Step 3: Examine nails for breaks.
I get these deep on the nail bed all the time. I take vitamins, use cuticle oil, went a couple of months without using acetone, keep my hands moisturized blah blah blah blah blah. Still happens. I now accept that I will always get them, so treating them has become part of my routine
Step 4: Brush on glue, dip in acrylic repair powder, wait 5 minutes.

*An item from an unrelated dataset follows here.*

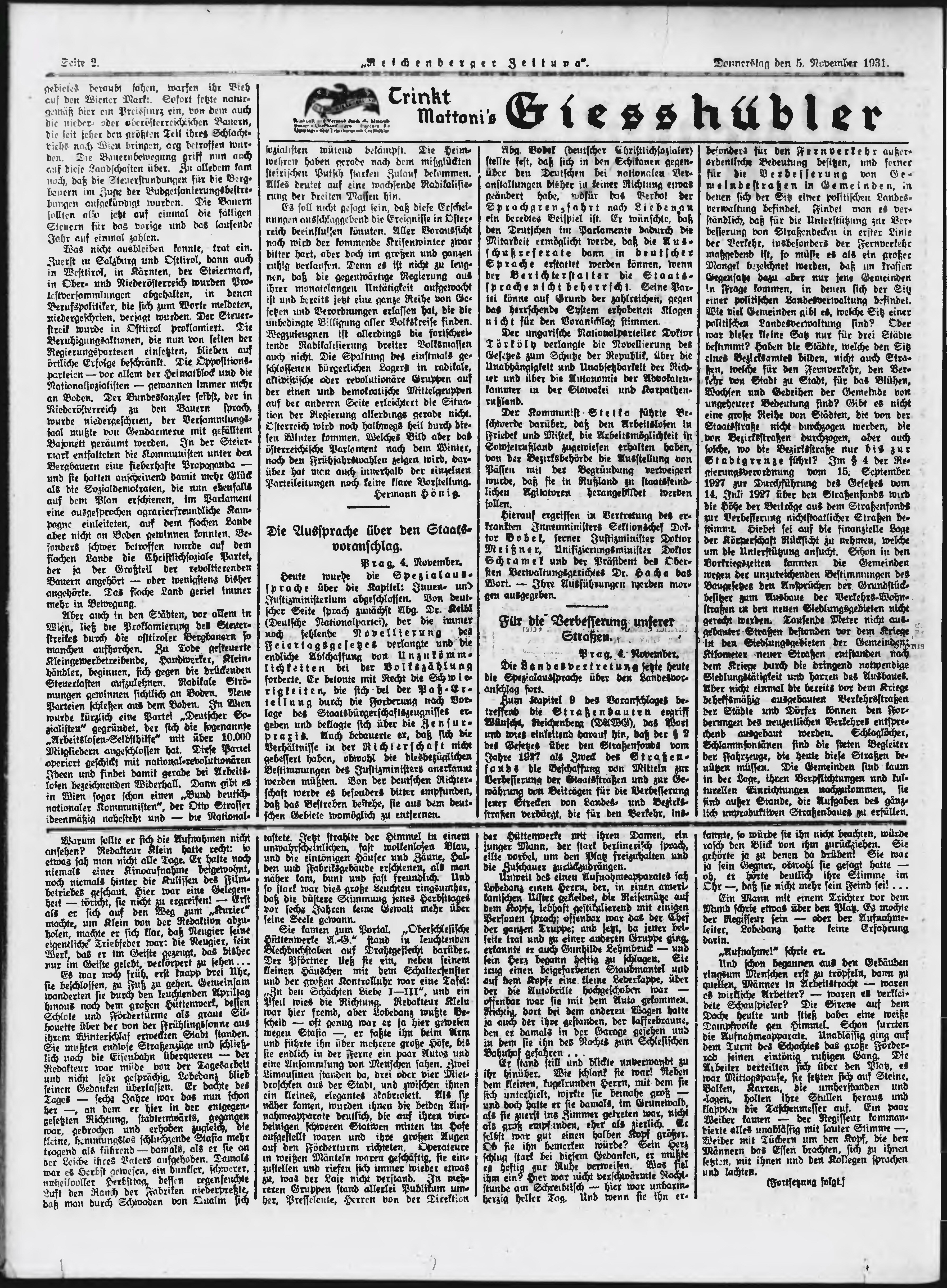 * Datum vydání výtisku: 5.11.1931 Číslo výtisku: 258 Poznámky k výtisku: ranní vydání;

If the break is really bad, I’ll bond it inside the break with some super glue and then do the nail repair on top. Sometimes one patch lasts for weeks, sometimes it just lasts until the next manicure. But it does keep me from having really painful breaks half way down my nail bed.
Step 5: File.
While I’m waiting for my patches to dry, I file my tips. I always carry a nail file with me, in case I get a ‘catch’ somewhere on the edge. Catches turn into tears! Even if they don’t need it, I do a light smoothing of all the exposed edges. Once I’m done with that, I smooth down the patch so it looks natural. This usually means taking off 3/4 of the patch, but you’re supposed to. See? All smooth, hard to tell there’s even a break under there.
Step 6: Base coat.
Base coat is paint primer. It smooths your nails, keeps them from getting stained, makes the paint stick better. Every crafty girl should know the value of primer!

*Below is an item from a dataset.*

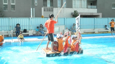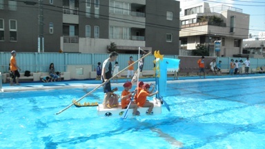 8月28日(日曜日)のアドベンチャーin多摩川が増水のため中止になりました。そこで、プールでの授業が終了した9月10日(土曜日)の午後に、プールでいかだのタイムレースをしました。プールに浮かべたいかだにこぎ手4人の子どもと舵取りの大人1名合計5人が乗床し、力を合わせていかだを前に進めました。風の影響を受けるなど、なかなかうまく前には進まないこともありましたが、みんな楽しく取り組みました。
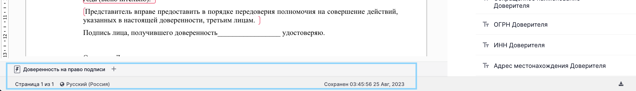 Текстовый редактор позволяет управлять контентом вашего документа или шаблона.

With a coat of primer over my patch, you can barely even see it. If I was into sheers, I could wear sheer polish, or even a transparent top coat.
Step 7: First coat!
Rules of nailpolish: many thin coats > few thick coats. Thin coats dry faster, and they are less likely to form bubbles. Bubbles are gross. They make your nails look like they have pimples. Who wants that?
Step 8: Wrap those tips!
When I first heard ‘wrap your tips’ I was like “wtf? How do you wrap nail polsh?” What they mean is, ‘paint the tips.’ I do this with my base coat, regular paint coat, and top coat, but you can’t see it with transparent polish. Anyway, your nail tips are what have the most contact and wear down first, so it helps to put paint on them. Take your brush with almost all the polish removed and brush the tips lightly.
Step 9: Second coat +
With some polishes two coats is enough. It’s probably enough in this case, but I like to do the ‘transparent tip test’ which is this:
Oh look, the tips of my nails are still really transparent! One more coat it is!
Step 10: Top coat
Like base coat is primer, top coat is sealant. You need sealant. And if you don’t have hours to sit around going ‘la de da’ while your nails dry, you need a super-duper-quick-dry topcoat. The most popular option for this is Seche Vite, but I personally prefer Nubar Diamont Shine topcoat. It dries even faster. It dries so fast, if I don’t hustle when I paint each nail, sometimes part of the topcoat are already dry before I finish. Translation: it makes your nails dry REALLY FUCKING FAST. My nails are dry to the touch within a minute of finishing each nail, and pretty much dent proof within ten minutes.
Step 11: Cleanup
Ok, so I used to stress getting my nails painted cleanly. Y’know, wiping off any smears on the sides of my fingers as I went, and generally fucking up my polish even more. It’s not worth it. Concentrate on getting the polish on your nails nice. Then topcoat. Then, once the topcoat is dry, pour a little bit of polish remover into the cap, dip in your paintbrush, and carefully clean around the edges of the nail. Just remember to wash your hands and moisturize afterwards.
All done! Now I’ll get 4-5 days of perfect nails for about 20 minutes of work. Please keep in mind that I am a hands-on person. Later today I’ll be playing with sand paper, razor blades, and solvents. Before I started doing all these steps, my polish life expectancy was 1-2 days. And after 4-5 days I’ll be bored and wanting something new anyway.